I’m an artistic genius. No?

You know, I refrained myself at a point, or else I would also have been — a doctor — a teacher — a policeman. Yea, I didn’t want my name in the Guinness Book.

Ah! I guess now you know the kind of a person I am. What else is left to say, eh? But wait, there’s much more.

Hola! Welcome Salaam Namastey

Allow me to introduce myself — My name iss I always fuck things up — What? Don’t you believe me? Well, stay in here till the end.

I think I’m too late to introduce myself to the community, as most people already know me here. Okay, no one wants to know me personally, but come on, accept this you know me as a fellow writer.

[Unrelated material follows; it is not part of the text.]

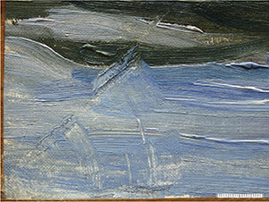 Detail in der linken unteren Ecke mit Wisch- und Kratzspuren, die im noch feuchten Zustand der Farbaufträge und daher möglicherweise bei der Handhabung des Bildes in freier Natur entstanden
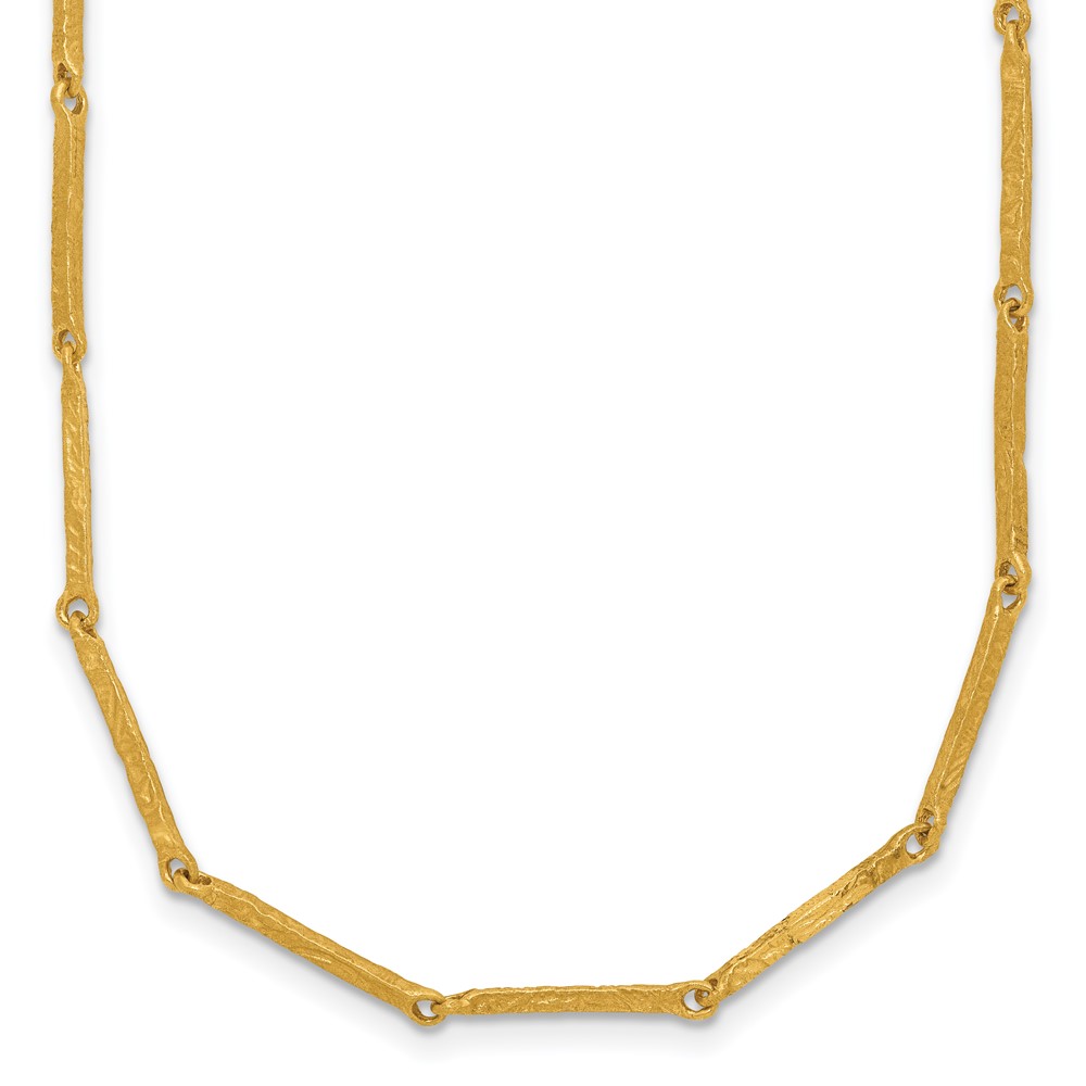 Herco 18K Handmade Solid Textured Bar Link 14 Inch with 2 Inch and 2 Inch Extension Necklace

Remember me? Yea, we meet here daily on Medium for boozing. No way, don’t say you don’t. Pshaw! Same here!

I’m One of a Kind

I’m a 20-something poor brat whose only intention of coming to this earth is to travel and explore. I do things just for the sake of exploring. Once I stole my Dad’s wallet just to explore what was inside. Ugh, it still hurts on the bum!

I was born in India into a wealthy family (not anymore) in the mid-90s. My Dad is a famous businessman, but you mustn’t know him. He doesn’t like socializing. My mom is a homemaker, and my brother is busy becoming an engineer.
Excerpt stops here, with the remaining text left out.